Task details -
For the material that follows, return exactly the lines from the one with "[Crayon, colored pencil, and" through the one with "通信サービス利用者500人に", both ends included.

The input -
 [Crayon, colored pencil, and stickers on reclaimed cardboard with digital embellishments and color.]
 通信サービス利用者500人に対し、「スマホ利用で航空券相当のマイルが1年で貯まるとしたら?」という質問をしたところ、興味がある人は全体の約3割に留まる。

---

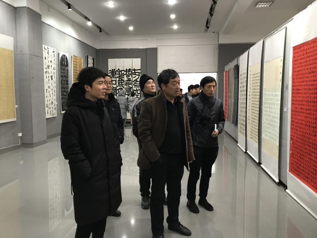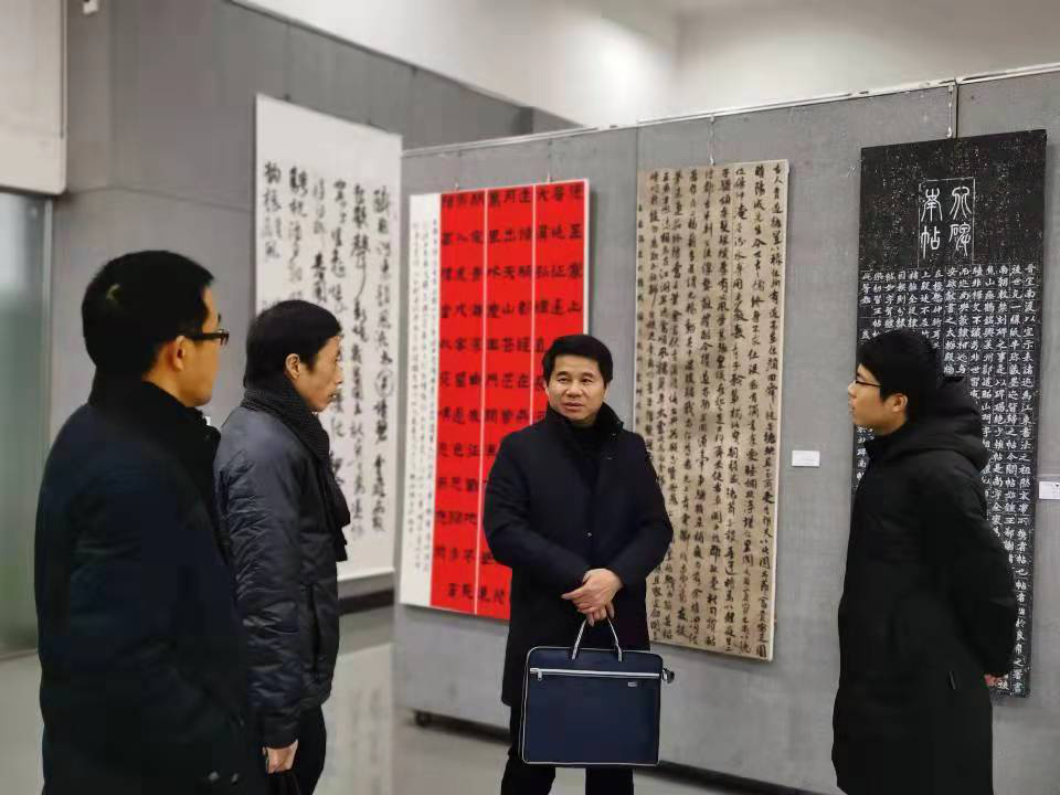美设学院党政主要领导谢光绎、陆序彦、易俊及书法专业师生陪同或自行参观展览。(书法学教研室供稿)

* * *

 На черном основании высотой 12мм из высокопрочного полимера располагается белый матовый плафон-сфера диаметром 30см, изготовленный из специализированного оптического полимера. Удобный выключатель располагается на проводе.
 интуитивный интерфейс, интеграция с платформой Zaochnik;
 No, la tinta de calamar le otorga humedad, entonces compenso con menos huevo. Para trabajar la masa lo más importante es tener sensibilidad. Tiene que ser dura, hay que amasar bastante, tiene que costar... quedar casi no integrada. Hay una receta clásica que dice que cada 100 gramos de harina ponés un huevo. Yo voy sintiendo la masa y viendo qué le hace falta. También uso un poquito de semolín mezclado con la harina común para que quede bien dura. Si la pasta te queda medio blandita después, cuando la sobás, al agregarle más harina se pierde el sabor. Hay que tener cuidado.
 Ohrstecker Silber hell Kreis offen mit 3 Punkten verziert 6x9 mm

Exercise output -
 [Crayon, colored pencil, and stickers on reclaimed cardboard with digital embellishments and color.]
 通信サービス利用者500人に対し、「スマホ利用で航空券相当のマイルが1年で貯まるとしたら?」という質問をしたところ、興味がある人は全体の約3割に留まる。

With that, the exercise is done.